Specifically, for a problem of the form $$ \min_{x\in C} f(x)$$ for a convex set $C$, the necessary optimality conditions for a minimizer $\bar x \in C$ are $$ \langle \nabla f(\bar x), \bar x-x \rangle \leq 0\qquad \text{for all }x\in C.$$ For this condition, there is no sensible way to define a residual. But one way to reformulate this condition is using the metric projection $P_C$ onto $C$ as $$ \bar x = P_C(\bar x - \nabla f(\bar x)),$$ so you could monitor $$ r(x^k) := \| x^k - P_C(x^k - \nabla f(x^k))\|,$$ which should go to zero.

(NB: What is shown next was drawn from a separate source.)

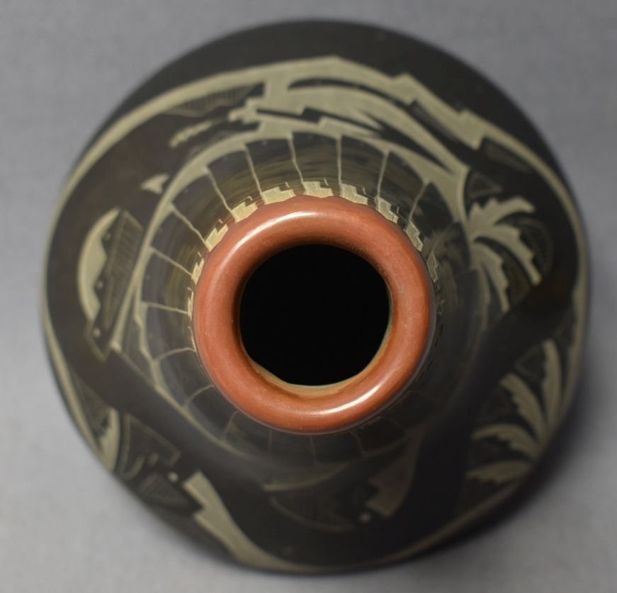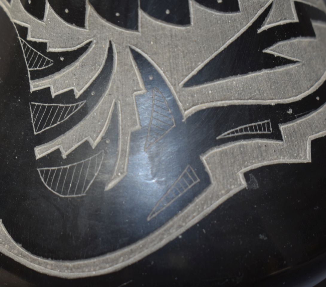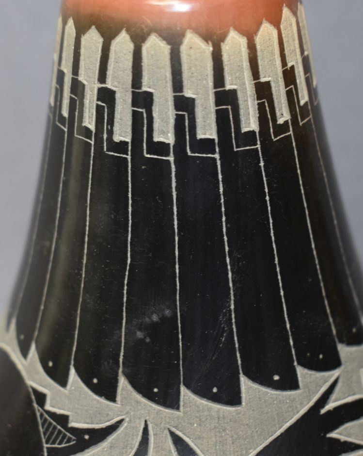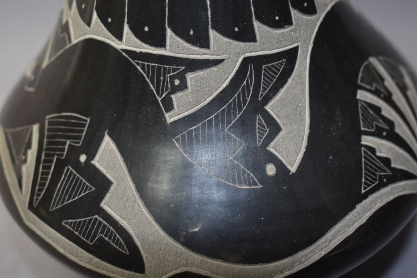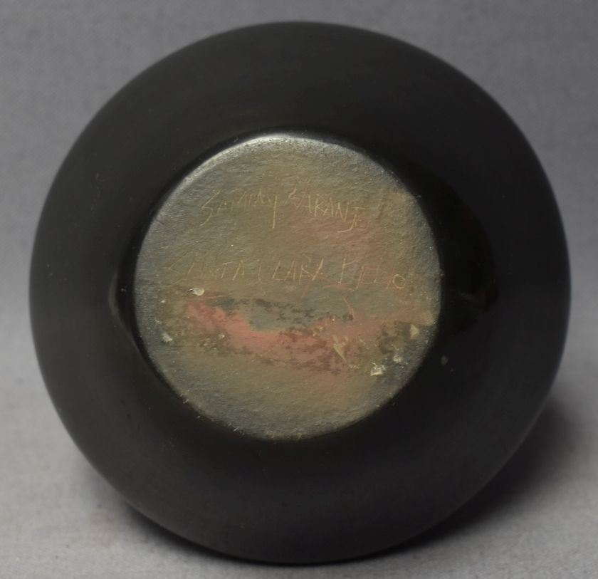 1990's Santa Clara Indian. Hand coiled and busy sgraffito design pottery vase. Signed Sammy Naranjo. 7'' x 5.5''

That being said, if your minimizer $\bar x$ lies in the interior of $C$, either of these conditions can only hold if the gradient vanishes. If this is the case in your problem, your gradient norm should go to zero -- and $10^{-2}$ is definitely not zero. If your derivatives are correct, then the norm should go to zero up to machine precision (say, $10^{-16}$). Otherwise the method is limited by the accuracy of your gradient and Hessian evaluation, so I'd suspect that there's an error there (which you can check by comparing directional derivatives via inner products of the gradient with a direction and via finite difference approximations).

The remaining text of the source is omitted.